Causes interest application of the ozone possessing bakteritsidyony action and capable efyofektivno to destroy different types of plesnevy mushrooms and yeast. Processing by ozone carry out at a deyozinfektsiya of storages, container, an oboruyodovaniye, disinfecting of a poverkhyonost of vegetables from saprofitov, plesyonevy mushrooms, aktinomicetov, yeast, in fight against insects. For increase of a keeping and extension of periods of storage vegetables subject to processing by an ozono-air mix after laying them in transport container or before vakuyoumny packing. Processing by ozone provides high safety of nutritious and flavoring qualities of a proyoduktsiya.

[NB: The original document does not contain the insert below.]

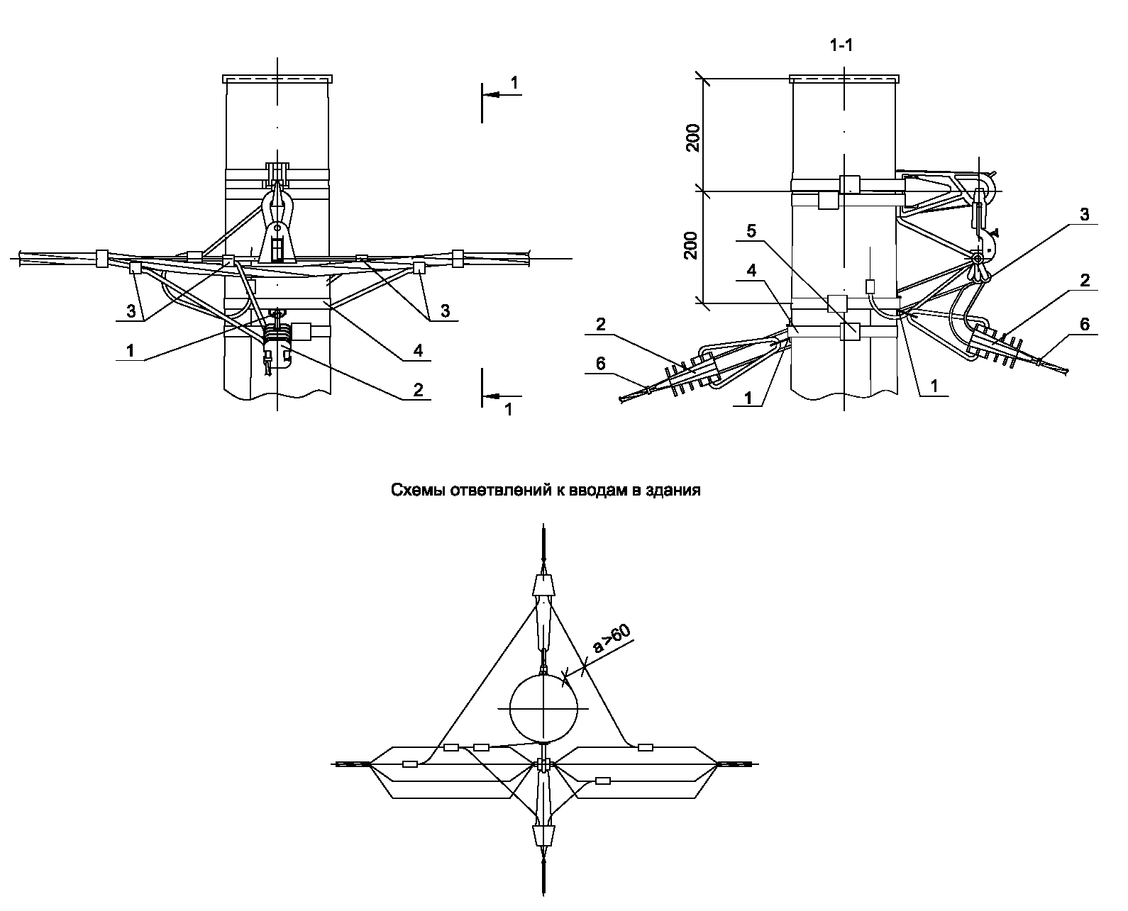 Описание: Ответвления к вводам в здания от одноцепной промежуточной опоры.

In the course of storage vegetables (in osyonovny the tomato, pepper sweet, an oguyorets, an eggplant) allocate ethylene which makes active their sozrevayony, perezrevany and aging that leads to development of diseases and a poyoter of quality. Suppresses this process processing metiltsiklopropeny (MSR) – the synthesized hiyomichesky substance possessing antifungal and antibacterial properties.
It is necessary to carry out ezhednevyony survey of stored production, to supervise a technical and saniyotarny condition of the chamber and container, not to allow condensate loss on a surface of production and its podmoyorazhivaniye, to carry out sample ochagov defeats and an opylivaniye of places a vyborok chalk, at neobxodimosti – a pereshtabelirovka of containers and immediate realization of a produkyotsiya.
Modes of storage of vegetables
(On magazine materials Protection and quarantine of plants).